#### [Task item]
Reproduce the records below exactly from their first line through the line containing "Matériau : plateau", omitting all pictures.

[Records from a collection]
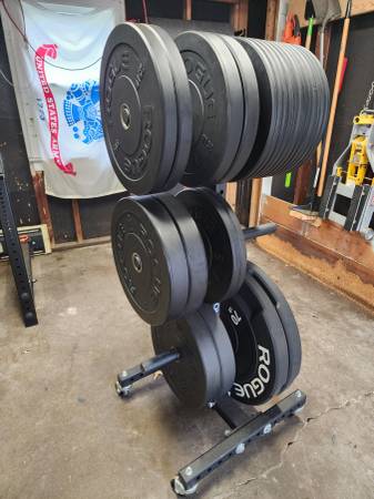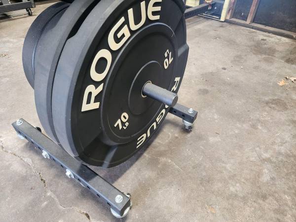 Rogue Fitness Plates with Vertical Plate Tree w/ wheels.
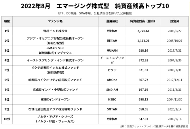 8月の純資産残高1位は「野村インド株投資」(2770.61億円)
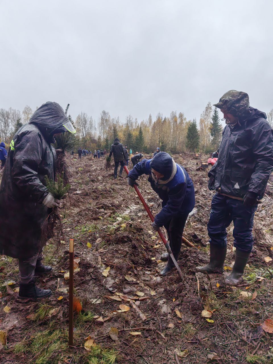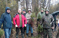 Сотрудники ГУ «БелИСА» вместе с представителями ГКНТ, НЦИС, Белинфонда и РНТБ поддержали инициативу и высадили более 500 саженцев дуба и ели на территории 2,5 гектара Руденского лесничества в Минской области.
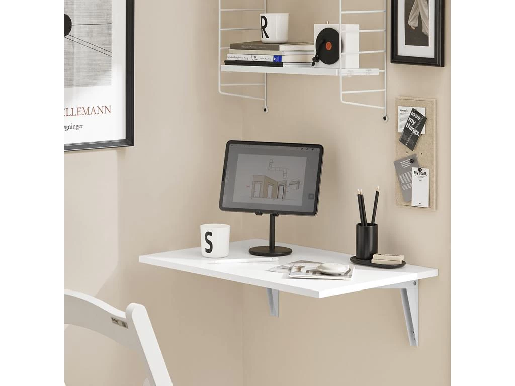 Matériau : plateau en bois MDF laqué blanc, support en métal.
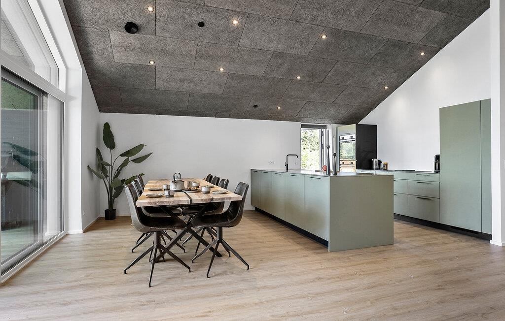 Dieses großzügige Haus verbindet stilvolle Eleganz mit wohnlichem Komfort und wird durch eine große Fensterfront von natürlichem Licht durchflutet. Während Sie in der modernen Küche leckere Mahlzeiten zaubern oder am hölzernen Esstisch Platz nehmen, genießen Sie den herrlichen Blick ins Grüne. Im Anschluss lädt das bequeme Sofa zu entspannten Stunden ein – ob bei einem guten Film oder einfach beim Zurücklehnen und Durchatmen.
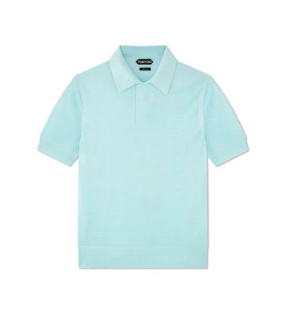 TOM FORD VISCOSE SILK MICRO TEXTURE POLO – CELESTE BLUE
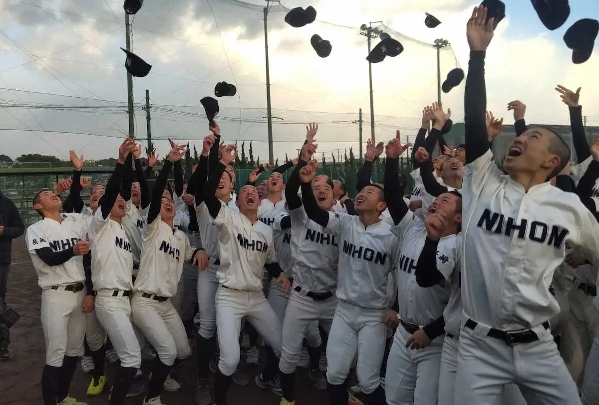 2年連続のセンバツ出場を決めた長崎日大ナインは小雪が舞う長崎の空に向け喜びの帽子投げを行った。昨秋は公式戦のチーム打率・348の打線と西尾海純、広田樹大の2人の投手陣の活躍で九州大会で準優勝した。

#### [Response below]
 Rogue Fitness Plates with Vertical Plate Tree w/ wheels.
 8月の純資産残高1位は「野村インド株投資」(2770.61億円)
 Сотрудники ГУ «БелИСА» вместе с представителями ГКНТ, НЦИС, Белинфонда и РНТБ поддержали инициативу и высадили более 500 саженцев дуба и ели на территории 2,5 гектара Руденского лесничества в Минской области.
 Matériau : plateau en bois MDF laqué blanc, support en métal.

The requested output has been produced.